An ablation study removed the RA layer, forcing the LLM to generate code directly. Accuracy dropped by more than 15 percentage points, and debugging time roughly doubled, confirming that RA is the critical glue that aligns reasoning with concrete computation.
A real‑world deployment at Volvo Group integrated GateLens into the release validation pipeline. Manual data‑extraction and reporting previously required ~45 minutes per release; with GateLens the same tasks completed in under 8 minutes, an >80 % time reduction. Stakeholder surveys reported high scores for transparency (4.8/5) and trustworthiness (4.7/5), citing the ability to see each RA step and its corresponding code fragment.

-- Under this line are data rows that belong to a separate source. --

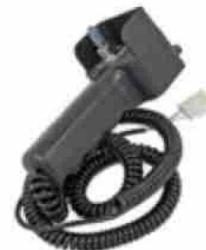
Manual control, single function VANGATER & I710 (CHAIR TOPPER)
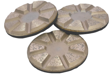
1691-7825 VMC Metal Tullip Diamonds
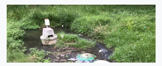
Proper maintenance can help prevent septic system failures.

Don't drive or park on the drainfield and only plant grass over it or nearby
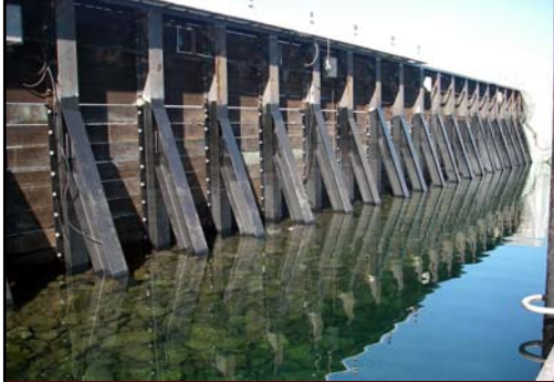
Marina Breakwater Wall
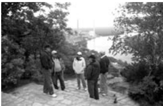
Great Meet destination: Garvin Heights
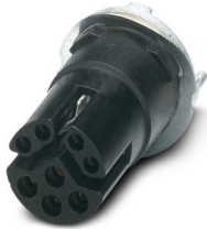
M12 female contact carrier, straight

Please be informed that the data shown in this PDF document is generated from our online catalog. Please find the complete data in the user documentation. Our general terms of use for downloads are valid.

The authors claim three primary contributions: (1) an architecture that minimizes LLM invocations while preserving deep reasoning via a formal IR, enabling zero‑shot operation without few‑shot examples or multi‑agent orchestration; (2) a scalable, maintainable framework for automotive release analytics that outperforms traditional planning‑based multi‑agent systems in robustness and clarity; (3) extensive empirical validation—including cross‑model comparisons, RA ablations, and industrial case studies—demonstrating superior performance on complex, ambiguous queries.
In conclusion, GateLens shows that inserting a well‑defined formal representation such as Relational Algebra between natural‑language reasoning and code generation dramatically improves both correctness and efficiency of LLM‑driven tabular analytics. The approach is readily extensible to other high‑stakes domains (healthcare, finance, regulatory compliance) where data‑driven decisions must be both fast and auditable. Future work will explore additional IRs (graph algebra, temporal operators) and automated formal verification of the generated pipelines to further strengthen safety guarantees.